- **Work instructions**: Please copy exactly the part of the records below that opens with the line containing "Embrace a soft" and closes with the line containing "InTemp CX502 adalah", leaving out any pictures.

- **Input data**:
● ● ● ● ● ● ●
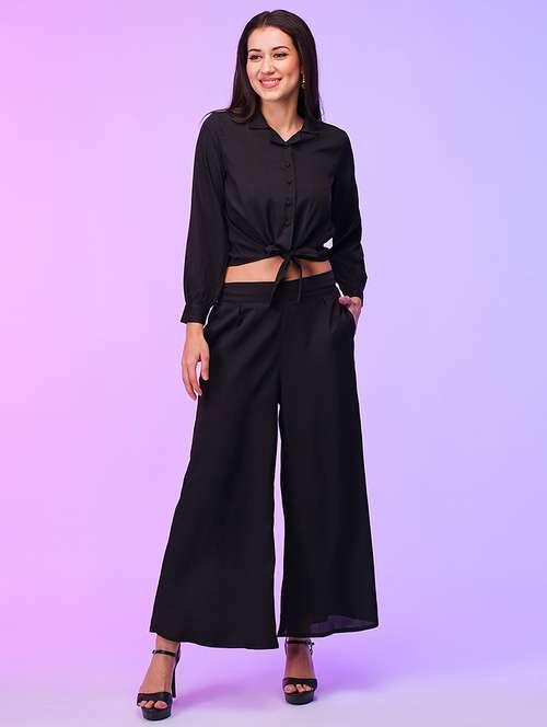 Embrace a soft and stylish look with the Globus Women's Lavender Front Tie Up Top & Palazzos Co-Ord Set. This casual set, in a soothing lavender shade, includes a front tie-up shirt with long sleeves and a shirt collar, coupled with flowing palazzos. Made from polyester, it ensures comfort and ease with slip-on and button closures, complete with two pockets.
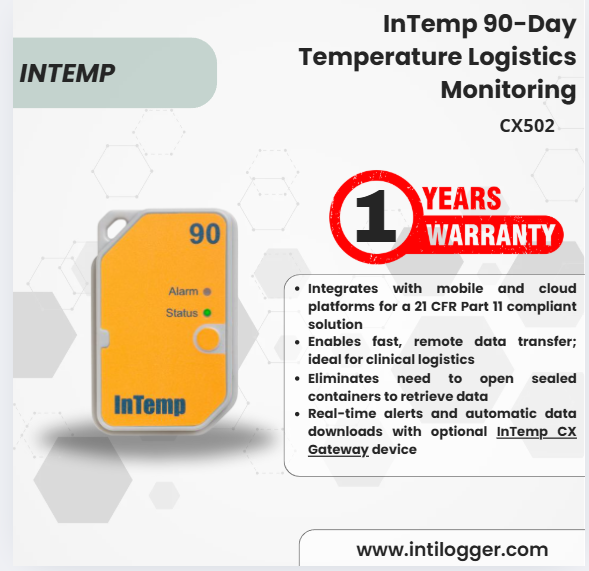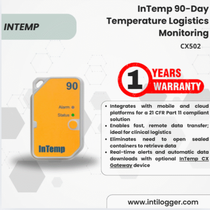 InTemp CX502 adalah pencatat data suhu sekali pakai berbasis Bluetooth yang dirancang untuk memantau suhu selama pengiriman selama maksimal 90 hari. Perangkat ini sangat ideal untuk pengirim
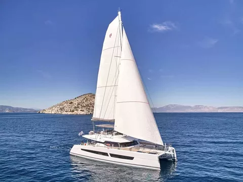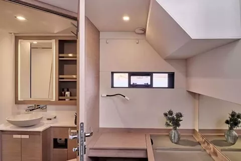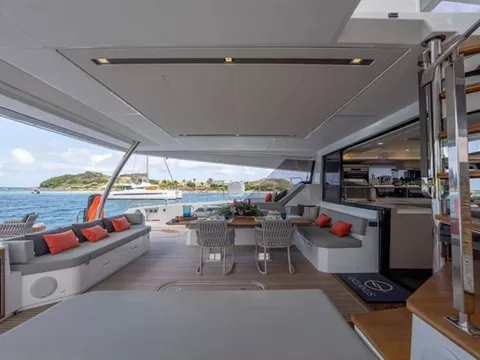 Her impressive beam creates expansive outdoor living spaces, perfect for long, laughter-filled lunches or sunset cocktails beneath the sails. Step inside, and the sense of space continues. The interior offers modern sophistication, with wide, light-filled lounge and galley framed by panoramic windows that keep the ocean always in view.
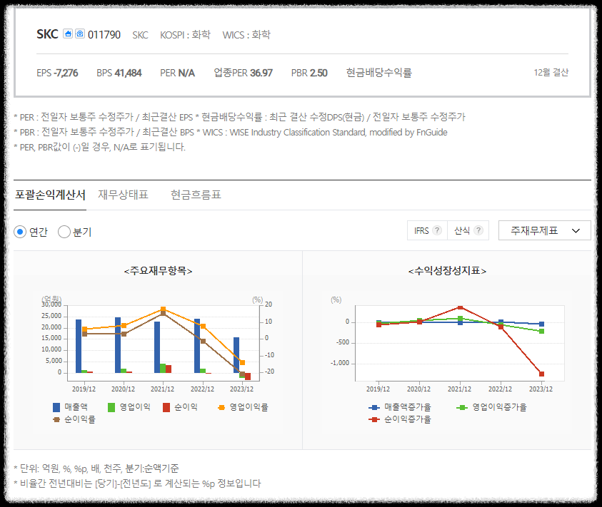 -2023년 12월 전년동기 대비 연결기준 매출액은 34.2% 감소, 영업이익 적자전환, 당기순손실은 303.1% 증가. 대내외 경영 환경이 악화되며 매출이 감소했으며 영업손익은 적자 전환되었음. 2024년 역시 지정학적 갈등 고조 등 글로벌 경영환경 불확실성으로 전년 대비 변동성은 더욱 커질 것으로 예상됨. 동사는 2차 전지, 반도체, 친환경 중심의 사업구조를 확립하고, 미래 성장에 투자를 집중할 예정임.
● ● ● ● ● ● ●
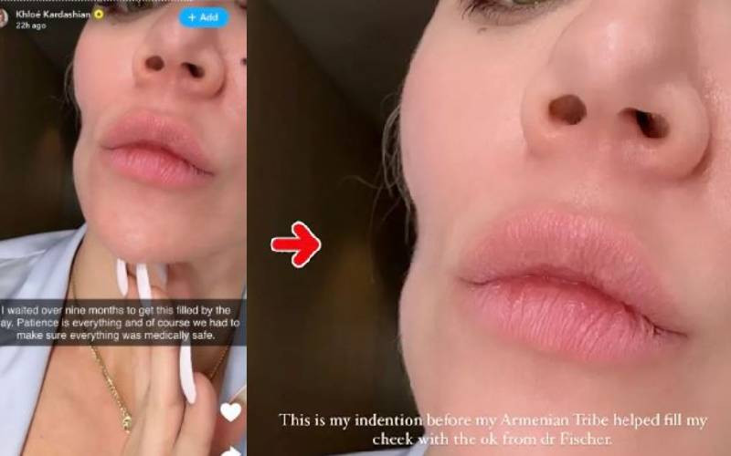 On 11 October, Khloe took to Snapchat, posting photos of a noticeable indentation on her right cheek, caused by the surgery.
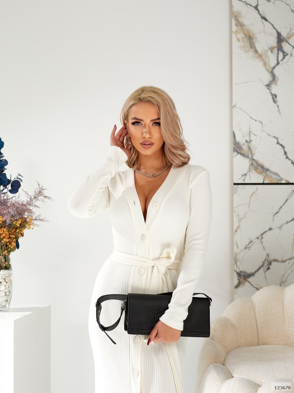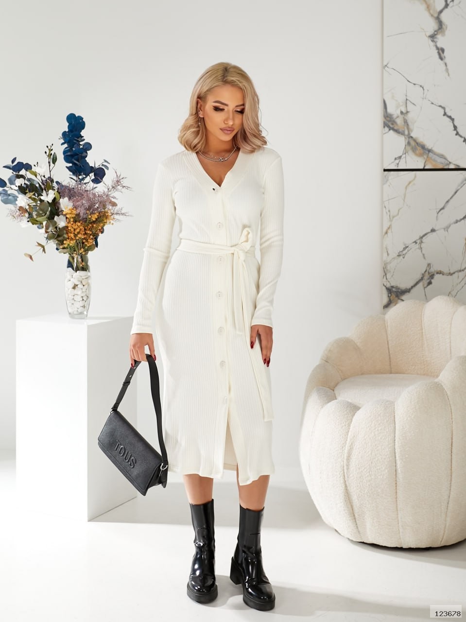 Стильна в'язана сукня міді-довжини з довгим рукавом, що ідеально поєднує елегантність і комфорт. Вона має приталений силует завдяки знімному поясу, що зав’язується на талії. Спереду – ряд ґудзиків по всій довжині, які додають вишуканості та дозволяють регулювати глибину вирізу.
● ● ● ● ● ● ●
- **Output for this task**:
 Embrace a soft and stylish look with the Globus Women's Lavender Front Tie Up Top & Palazzos Co-Ord Set. This casual set, in a soothing lavender shade, includes a front tie-up shirt with long sleeves and a shirt collar, coupled with flowing palazzos. Made from polyester, it ensures comfort and ease with slip-on and button closures, complete with two pockets.
 InTemp CX502 adalah pencatat data suhu sekali pakai berbasis Bluetooth yang dirancang untuk memantau suhu selama pengiriman selama maksimal 90 hari. Perangkat ini sangat ideal untuk pengirim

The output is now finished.